Why can’t a 2000 bp gene be synthesized directly using oligo synthesis? For a 2000-base-pair gene, the probability of a perfect, full-length strand from direct chemical synthesis is effectively zero. Instead, scientists synthesize many shorter, manageable oligonucleotides (like 40-60 bases long) that overlap in sequence. These fragments are then stitched together accurately using enzymatic assembly methods like Gibson Assembly or Polymerase Chain Reaction (PCR)-based assembly, which leverage the cell’s own precise DNA repair and replication machinery.
Homework Question from George Church
- What are the 10 essential amino acids in all animals and how does this affect your view of the “Lysine Contingency”? The ten amino acids that animals cannot synthesize and must obtain from food are: Histidine, Isoleucine, Leucine, Lysine, Methionine, Phenylalanine, Threonine, Tryptophan, Valine, and Arginine.
The “Lysine Contingency” is a concept that highlights an evolutionary trap. The fact that lysine is essential means animal ancestors permanently lost the complex biochemical pathways to produce it, likely because they lived in environments rich in lysine (e.g., eating plants). Once lost, these pathways are virtually impossible to re-evolve.
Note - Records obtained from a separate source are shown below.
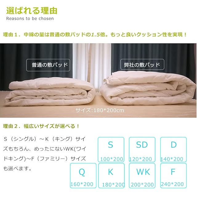 <もっと良いクッション性>:普通の敷パッドの1.5倍の中綿で充填して、ふんわり心地よい寝心地が実現できました。もっと良いクッション性と保温性が体験していただけます。
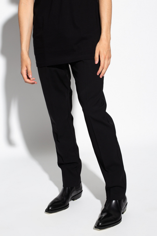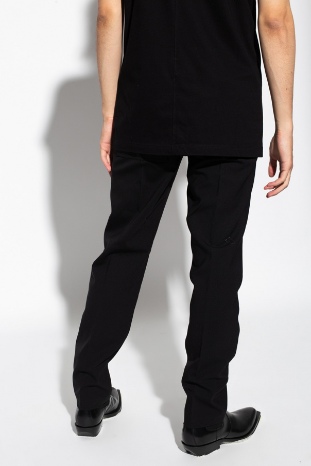 Black trousers from Rick Owens. Cut from wool with a dropped crotch, this pair features a drawstring waist, two slip pockets on the front and two snap-fastened flapped pockets on the back.
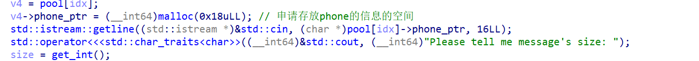 调试后发现,实际上这里存放phone的0x21空间,很适合用于伪造成0x91,并且这部分内容和我们之后用calloc申请的message_ptr相接,那部分的内容大小正好是0x71,这样的话也可以绕过glibc prev检测(0x20 + 0x70 = 0x90)。
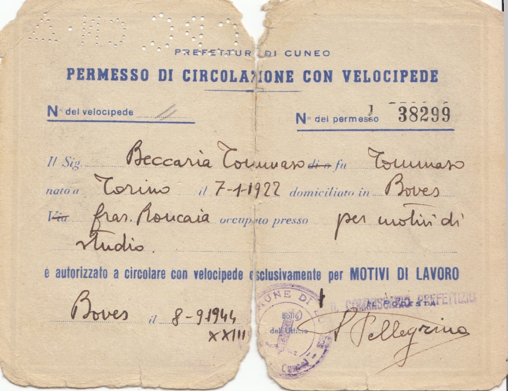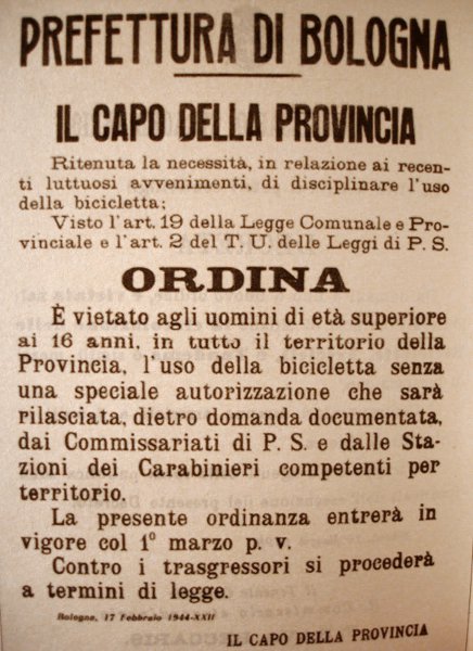 Allegati a questo articolo: un manifesto della prefettura di Bologna che vieta la circolazione in bicicletta (17/02/1944) e un permesso di circolazione in velocipede rilasciato dalla prefettura di Cuneo (8/09/1944). Quest’ultimo permesso fu ottenuto – sotto falso nome – da un giovane partigiano che lo utilizzò per spostarsi in bci tra Boves, Cuneo e Borgo San Dalmazzo.
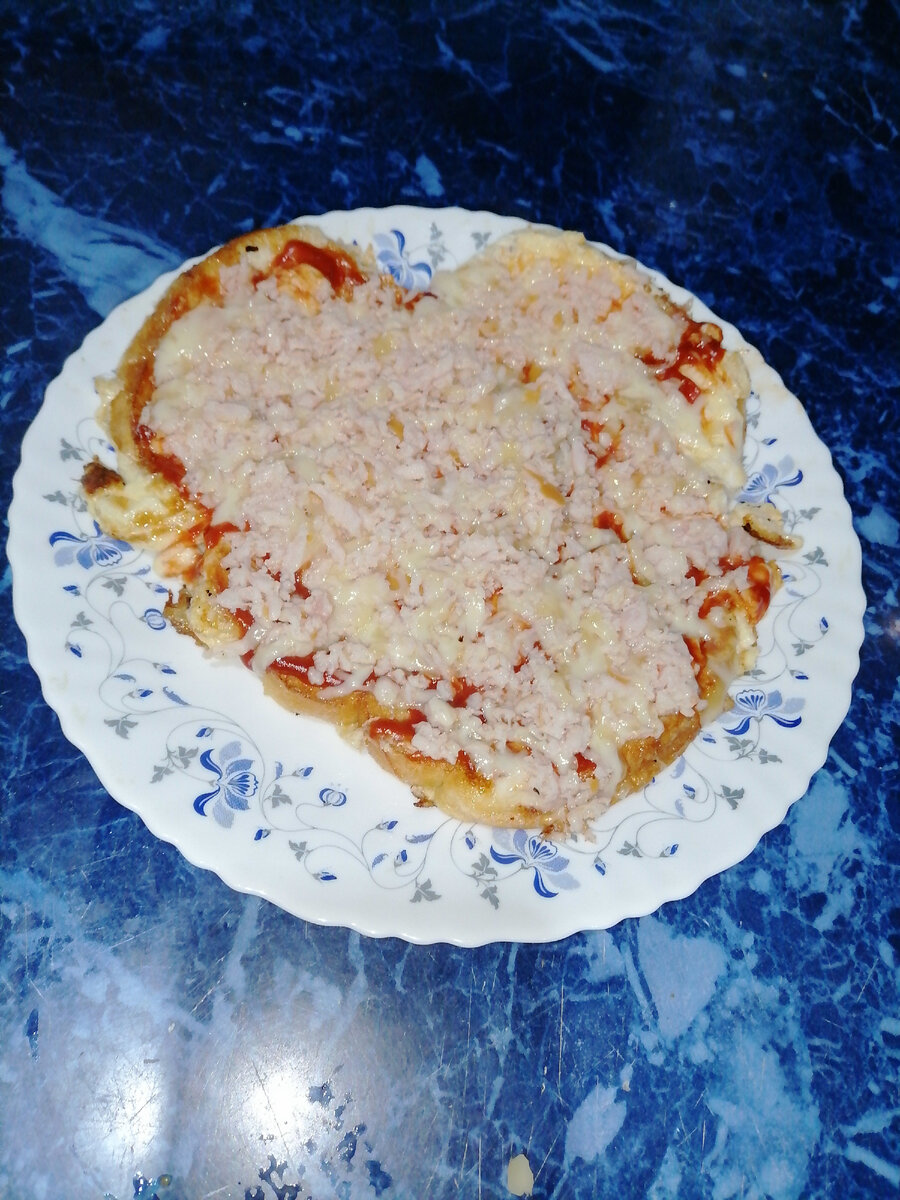 Пицца на сковороде Доброе время суток! Сегодня хочу продолжить тему пиццы. Мой сын очень любит пиццу и один раз мне очень захотелось его удивить. Я покопавшись в интернете нашла рецепт быстрой пиццы. Пицца получается не хуже, чем на тесте. Такая же вкусная и сочная. А ингредиентов минимум. Ингредиенты: Колбаса (любая) – 50 гр. Сыр- 50 гр. Кетчуп – 2 ст. л. Молоко – 100 гр. Яйца- 2 шт. Хлеб белый – 4 кусочка Соль- щепотка Масло растительное для жарки 1) В отдельной емкости взбить яйца с молоком и щепоткой соли. 2) Сыр и колбасу натереть на крупной терке и перемешать. 3) Сковородку хорошо разогреть. 4) Кусочки хлеба обмакнуть в яичной смеси и выложить на сковороду близко друг к другу. 5) Залить хлеб оставшимися яйцами. Дать поджариться и перевернуть. 6) На перевернутый хлеб намазать кетчуп и выложить начинку. 7) Закрыть крышку и дать расплавиться сыру. Примерно 5-7 минут. 8) Готовую пиццу выложить на красивую тарелку. Начинка для данной пиццы может быть различной. Это пицца прекрасна к
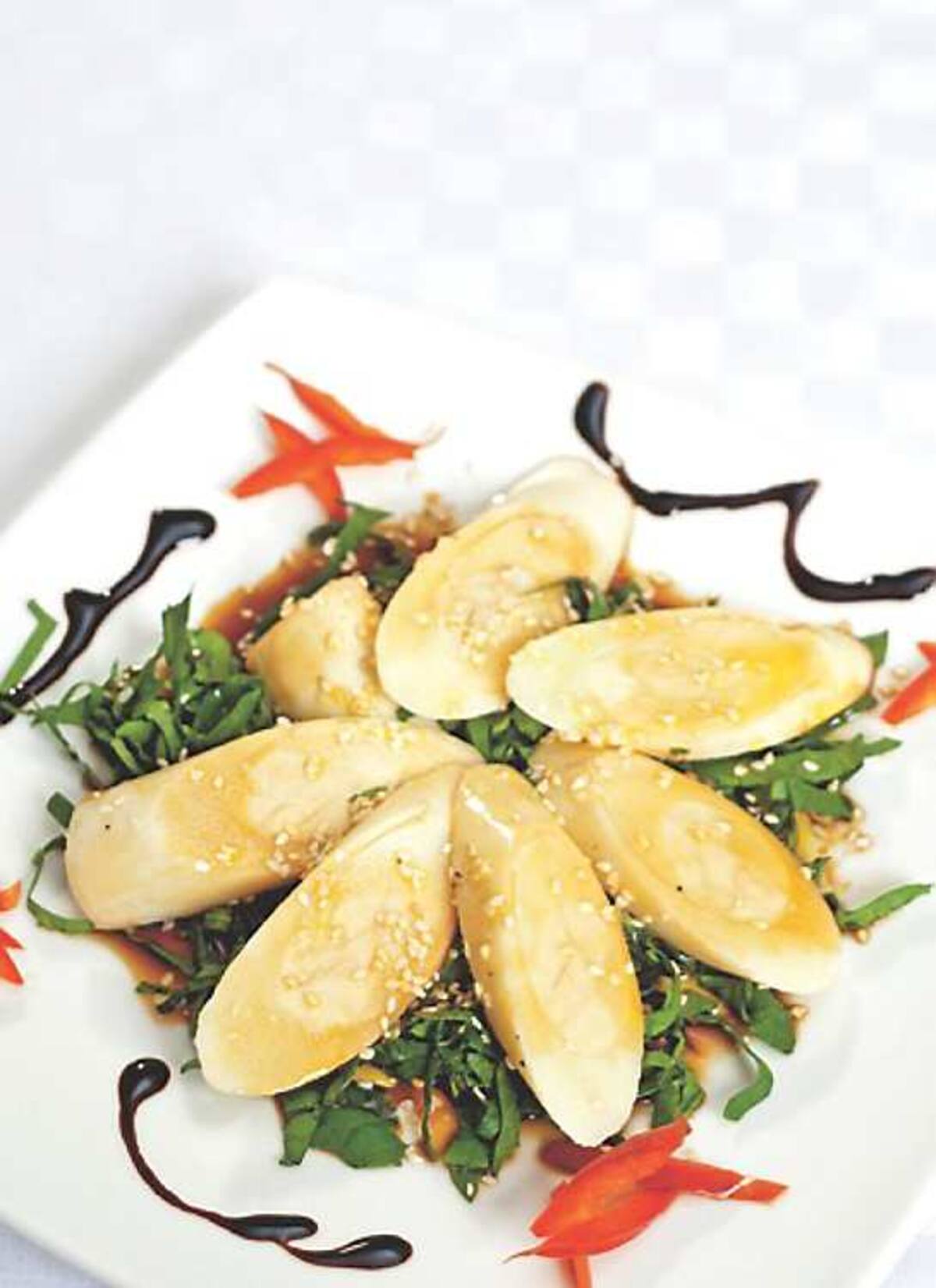 Revuelva muy bien la salsa de soya, el vinagre blanco, el aceite de ajonjolí y el azúcar, y conserve en esta mezcla los palmitos hasta el momento de servir.
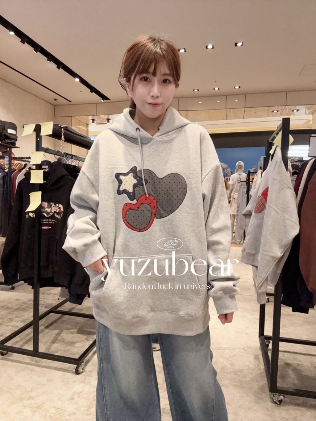 AM19 韓國潮牌ambler - 波點心心加絨連帽衛衣(灰色)

This creates a fundamental nutritional dependency that shapes all animal ecology—from what we eat to how food webs are structured—and underscores how evolution can constrain future possibilities by eliminating unused metabolic options.
- What code would you suggest for AA:AA interactions?
For AA:AA interactions, I would suggest a code based on hydrophobicity scales. The rule is that amino acids with similar hydrophobicity values have a high propensity to interact, with hydrophobic ones driving core packing and hydrophilic ones favoring surface exposure. This provides a powerful, simplified model because the drive to sequester hydrophobic residues from water is the fundamental organizing principle of protein folding.